When there are dozens of sequels and remakes that people are getting inundated with year after year, it gets old pretty quickly. It’s a shame because, of the top 10 box office movies released in 2016 thus far, only two features original characters not adapted from a previous film or series. Of those top ten films, three of those (Jason Bourne, Suicide Squad and Batman vs. Superman) were critical duds and all of those were unnecessarily drawn out additions to their respective universes. Look back twenty years ago and, in terms of the “sequel and remake culture”, the numbers look a lot different. As a whole, it hasn’t been a particularly great year for the movies.
It’s considered a safe option to go with the idea that’s already worked as opposed to the one that might not. I mean, you want the cow that you know has milk, as opposed to the one that might by dry. The problem is? They’ve squeezed some of those so dry, it’s looking a little desperate. Television, on the other hand, has taken it’s chances with the riskier cow and is drowning in milk right now. They’ve taken advantage of cinema being in this rut and run with it, which has been pretty successfully too. And though I definitely think studios need to feel the weight of their mistakes through the success of their television brethren, I can’t help but feel really sad about one aspect of this whole change: the theater.
For me, going to the movies is a magical experience, unrivaled in its ability to relax the body, touch the soul and engage the mind. Only in a theater can you really immerse yourself in the content presented to you. Experiencing a film really involves a ritual, which can’t truly be mimicked. From the moment I arrive at the cinema, I have left the world and it’s troubles behind me, prepared to enter another and disappear for a few hours. It’s calming, historic and evidently decaying. Part of the bummer of this “subscription-based streaming revolution” is the death of the cinematic experience. Sure, the snacks are free and you aren’t paying an outrageous price for your movie ticket anymore, but you’re missing out on the experience of being in a dark room with strangers and letting your eyes wander across a visual story for an hour or two. The grandeur of that serene experience has been poisoned. Gimmicks have pitched at audiences in order to attract a bigger crowd, but for the most part, they’re obnoxious. 3-D jacks up prices (which in some places are too expensive anyways), doing “premieres” or early shows the night before are a simple marketing ploy that appeases the impatient masses and the thought of incorporating texting into the cinema is grounds for cinematic excommunication. It’s changed and not for the better.

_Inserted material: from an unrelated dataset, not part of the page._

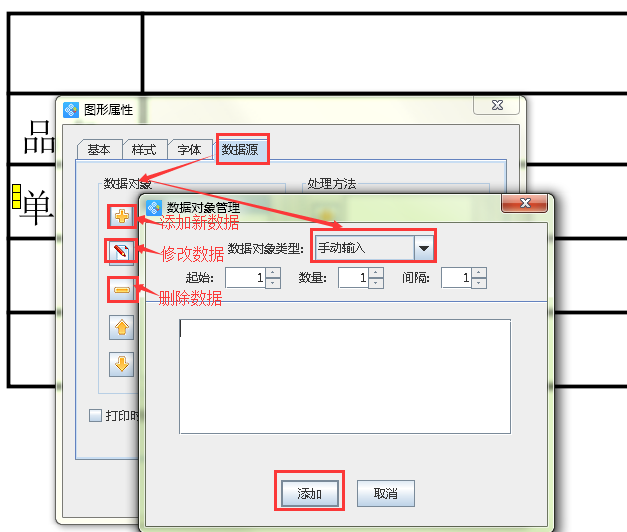 4、繪制完成表格之后,我們要在表格中添加數(shù)據(jù)內(nèi)容。先繪制一個(gè)普通文本,雙擊普通文本,出現(xiàn)“圖形屬性”窗口,選擇數(shù)據(jù)源,點(diǎn)擊左側(cè)“-”按鈕,刪除原有數(shù)據(jù),然后點(diǎn)擊黃色“+”按鈕,添加新的數(shù)據(jù),數(shù)據(jù)對(duì)象類型選擇“手動(dòng)輸入”,內(nèi)容中輸入:“品名:”點(diǎn)擊添加即可,然后復(fù)制剛完成的普通文本,雙擊普通文本,出現(xiàn)“圖形屬性”窗口,選擇數(shù)據(jù)源,點(diǎn)擊左側(cè)“紅色筆”按鈕,進(jìn)行內(nèi)容修改,修改為“單價(jià):。”按照相同的操作方法,依次添加“數(shù)量”、“規(guī)格”表格內(nèi)容,就得到如圖2所示的效果圖。像表格中的明細(xì),我們則可以通過數(shù)據(jù)庫導(dǎo)入的方法,導(dǎo)入excel表或txt文本都可以,這里不具體講解了。

So, I believe September has come as a cautionary tale to the cinematic world. Slowly, but effectively, the sacred structure of the theater has been compromised and for fans of the cinema, it’s scary. Now, I think, like everything in life, there are ebbs and flows – some things probably won’t get better (like ticket costs) and others will disappear (like). Unlike Global Warming, there is a possibility to reverse trends before it’s too late. And there is definitely room for both good cinema and good television – we’d be lucky to have it. It’s just a matter of people in the industry listening and responding to audience needs and we will see if they do just that. After all, these days following September are the perfect time to turn new leaves.